Mashed Potatoes — The Robuchon Ratio
Joël Robuchon's pommes purée uses a ratio of two parts potato to one part butter by weight — an amount that seems obscene until you taste the result: a purée so silky, so voluptuous, so impossibly smooth that it transcends the category of side dish and becomes a destination. For one kilogram of cooked potato, you add 500 grams of cold butter, cut into cubes, worked in gradually with a wooden spoon over gentle heat until the purée is glossy, homogeneous, and pourable. Then warm whole milk — 200 to 250ml — is incorporated until the consistency is that of thick cream that barely holds its shape on a spoon.

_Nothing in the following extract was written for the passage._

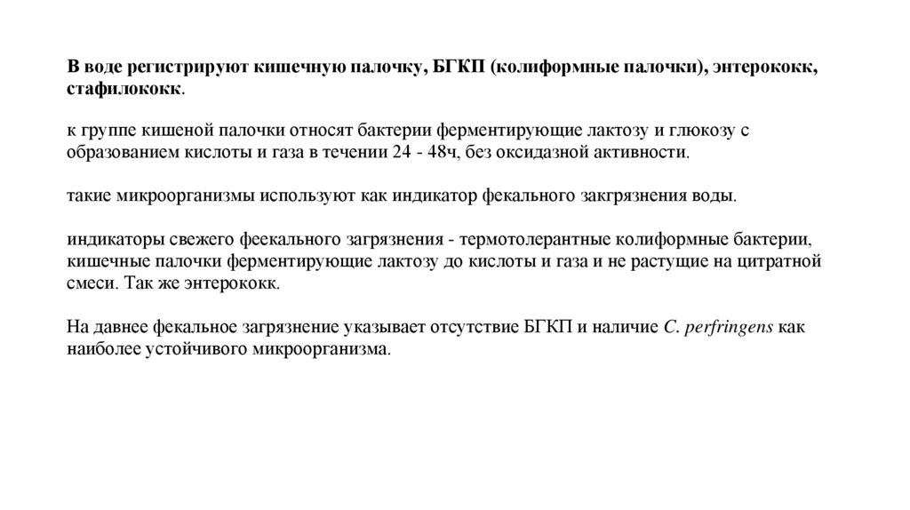 такие микроорганизмы используют как индикатор фекального закгрязнения воды.

The potato species is the first decision and it is not trivial. The Ratte (a French fingerling) is Robuchon's choice: waxy, dense, with a pronounced chestnut-like flavour and a naturally creamy texture that takes butter without becoming gluey. Yukon Gold is the best widely available substitute — moderately starchy, golden-fleshed, with a buttery flavour that flatters the technique. Maris Piper (the British standard) falls between floury and waxy and produces excellent, though slightly less refined, results. Purely floury varieties (Russet Burbank, King Edward) produce a fluffier mash that absorbs more butter but risks becoming mealy. Purely waxy varieties (Red Bliss, Charlotte) resist mashing and can turn gummy.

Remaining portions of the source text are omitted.